ISSN 1470-3947 (print) | ISSN 1479-6848 (online)

Endocrine Abstracts (2019) 66 OC3.1 | DOI: 10.1530/endoabs.66.OC3.1

Using quality improvement methods to enhance HbA1c outcomes for newly diagnosed children and young people with diabetes

Frances Hanson, Tracey Stephenson, Jane Exall, Carol Bacon, Carole Gelder, Sarah Buggins & Callum Rodgers

Leeds Children’s Hospital, Leeds, UK

Introduction: There is increasing emphasis on stringent glycaemic control (HbA1c <48 mmol/mol) within the first year of diagnosis for all types of diabetes, to preserve metabolic memory and reduce future risk of sub-optimal diabetes outcomes. Retrospective data collected on two previous annual cohorts of children and young people (CYP) with diabetes revealed only 9% achieved the HbA1c < 48 mmol/mol target at 12 months post diagnosis despite initial HbA1c improvement until 6 months.

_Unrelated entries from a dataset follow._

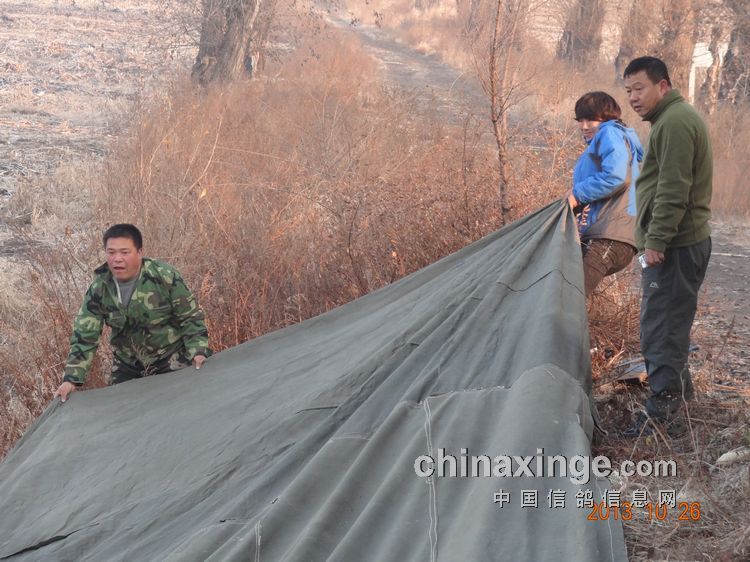 再次整理放飞笼下的苫布,以兔嵩草刺伤赛鸽。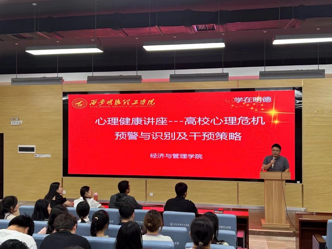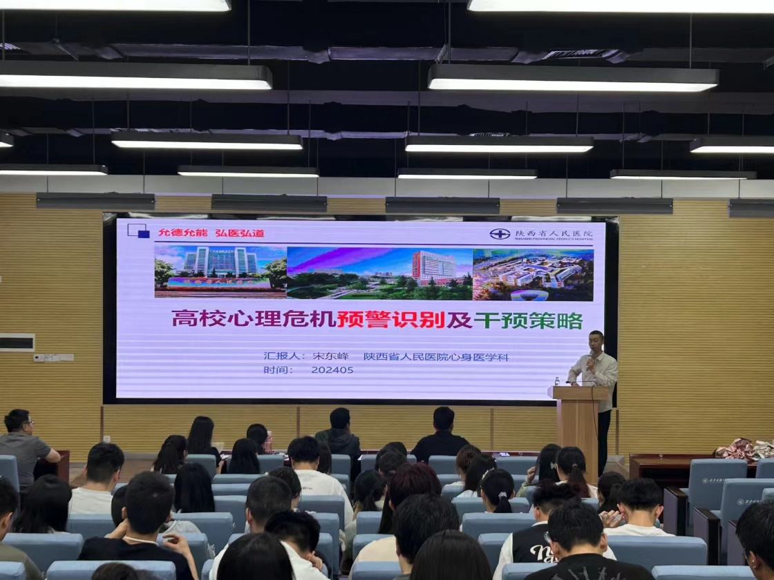 为进一步落实《陕西省教育厅办公室关于开展我省首个全国学生心理健康宣传教育月活动的通知》文件精神,推进“阳光护航”心理育人宣传季实践活动深入开展,推动学生心理健康教育工作提质增效,促进学生身心健康发展。5月14日,经济与管理学院邀请陕西省人民医院心身医学科主治医师宋东峰在建德楼201报告厅举办题为《高校心理危机预警识别及干预策略》的讲座。学院党委副书记冯纪潮、大一至大三年级辅导员、学生代表参加了学习。讲座由学院心理专干张爽主持。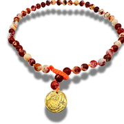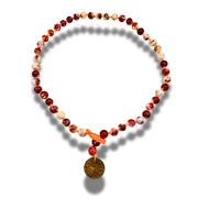 Carnelian Hand Knotted Beaded Necklace with Genuine Coin
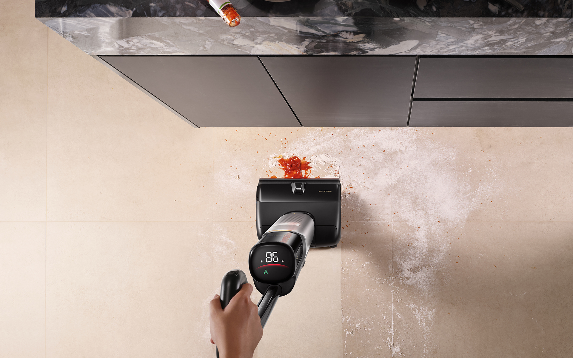Во время тестирования Trouver X4 Pro у моих друзей появилась идея провести небольшой праздник. В качестве «площадки» я решил предложить свою квартиру. После того как гости ушли, а на полу осталась куча конфетти, крошек от снеков и высохших пятен от напитков — стандартная картина. И тут Trouver X4 Pro продемонстрировал свою мощность и удобство. Мощности в 20 000 Па хватило для того, чтобы собрать даже самые мелкие частички мусора, которые легко ускользают от внимания при обычной уборке. А благодаря яркой подсветке щетки даже самые мелкие кусочки чипсов не остались незамеченными. Помогла и функция умной уборки, которая сама регулировала режим и мощность, потому что я в тот момент думал о воде и том, как быстро подействует абсорбирующие средства.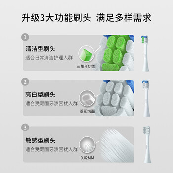 主机*1;无铜刷头(清洁)*1;无铜刷头(亮白)*1;敏感刷头*1;刷毛盖*3;感应充电座*1;输出轴套*1;说明书*1;消毒便携盒*1;幻彩感应充电杯*1

Aim: To achieve HbA1c<48 mmol/mol in 25% of patients and HbA1c <58 mmol/mol in 75% of patients at 12 months post diagnosis.

Method: A small staff representation from the wider multi-disciplinary team employed Quality Improvement processes focusing on improving HbA1c and self-management skills during the first year of diabetes care. Consensus from this group enabled intervention adoption by the wider CYP Diabetes Team. Interventions included a focused timeline from diagnosis, more frequent team contacts and clinic appointments, psychology led age specific new patient groups, earlier home downloading and data interpretation support and use of a digital education resource (DigiBete). Real time data collection highlighted those patients not achieving HbA1c targets and facilitated more intensive team support.

Results: HbA1c data from 34 new patients, aged 1–18 years, was compared with two previous patient cohorts (2015/2016 and 2016/2017). Significant improvement was demonstrated across all data collection points. At 12 months post diagnosis, the percentage of patients achieving HbA1c < 48 mmol/mol increased from 9% to 31% whereas those achieving HbA1c < 58 mmol/mol increased from 46% to 69%.

Conclusion: Project success has resulted from a dedicated multi-disciplinary team with frequent and focused time-limited QI meetings, adoption of a ‘fail fast’ approach and regular review of real time data. The appointment of a QI champion was essential. More intensive early family support and increasing consistency using the timeline have contributed to improved outcomes in the new patient cohort. This is now being embedded as ‘routine practice’ within the wider team. Resources to support and empower families to interpret their own data and confidently make insulin adjustments between clinic visits will continue to be developed.